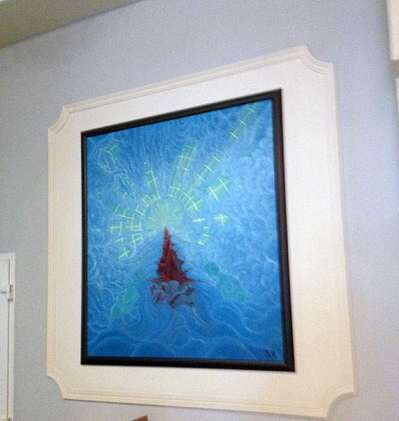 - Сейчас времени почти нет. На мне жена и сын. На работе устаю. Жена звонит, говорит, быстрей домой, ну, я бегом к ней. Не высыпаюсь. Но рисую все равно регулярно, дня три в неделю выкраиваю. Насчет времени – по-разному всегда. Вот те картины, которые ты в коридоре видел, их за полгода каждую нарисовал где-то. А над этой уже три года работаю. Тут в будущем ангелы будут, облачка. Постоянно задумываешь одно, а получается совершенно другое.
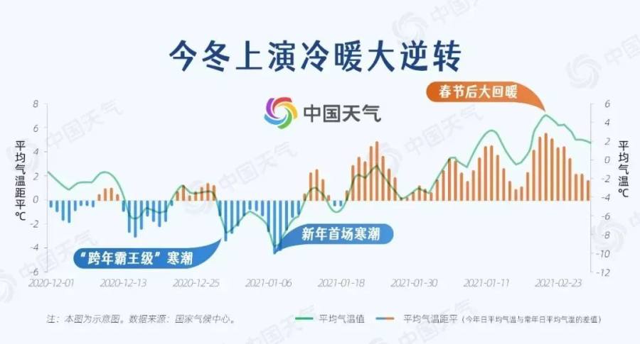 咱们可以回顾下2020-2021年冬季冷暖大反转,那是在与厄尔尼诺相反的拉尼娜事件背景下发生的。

------

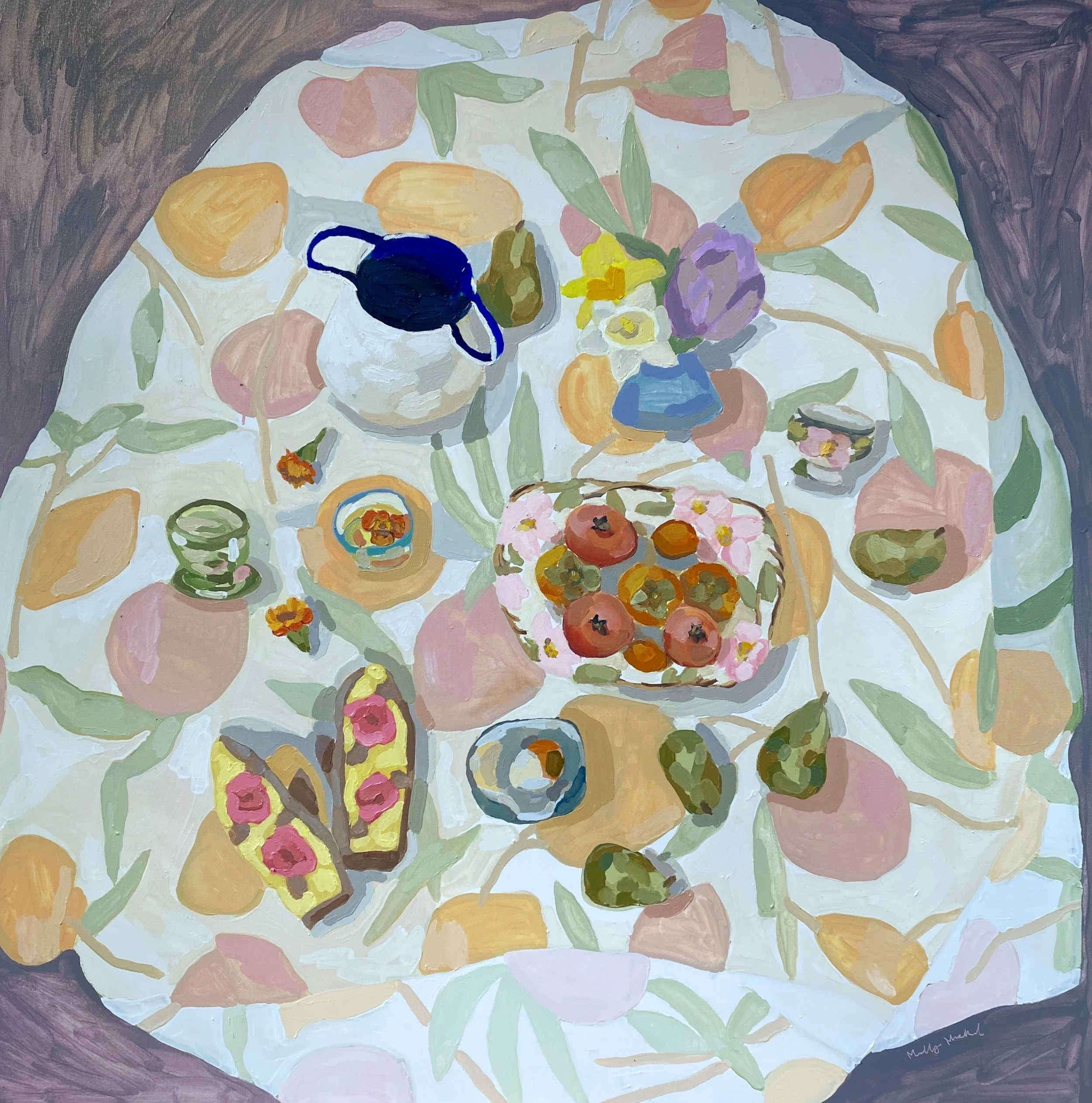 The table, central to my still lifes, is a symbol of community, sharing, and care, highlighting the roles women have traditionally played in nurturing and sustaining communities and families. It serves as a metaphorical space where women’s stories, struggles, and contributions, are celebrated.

------

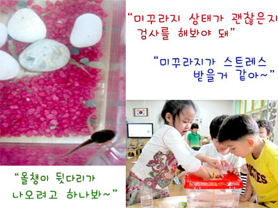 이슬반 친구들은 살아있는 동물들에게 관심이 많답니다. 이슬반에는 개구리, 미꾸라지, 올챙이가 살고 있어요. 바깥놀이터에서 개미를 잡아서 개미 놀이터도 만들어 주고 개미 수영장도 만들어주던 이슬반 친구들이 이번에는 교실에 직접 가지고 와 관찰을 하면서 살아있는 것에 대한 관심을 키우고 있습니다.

------

In the listing above, find the line with "- Сейчас времени" and output it and every line after it up to and including the line with "咱们可以回顾下2020-20", exactly, minus the pictures.

EXERCISE ANSWER:
 - Сейчас времени почти нет. На мне жена и сын. На работе устаю. Жена звонит, говорит, быстрей домой, ну, я бегом к ней. Не высыпаюсь. Но рисую все равно регулярно, дня три в неделю выкраиваю. Насчет времени – по-разному всегда. Вот те картины, которые ты в коридоре видел, их за полгода каждую нарисовал где-то. А над этой уже три года работаю. Тут в будущем ангелы будут, облачка. Постоянно задумываешь одно, а получается совершенно другое.
 咱们可以回顾下2020-2021年冬季冷暖大反转,那是在与厄尔尼诺相反的拉尼娜事件背景下发生的。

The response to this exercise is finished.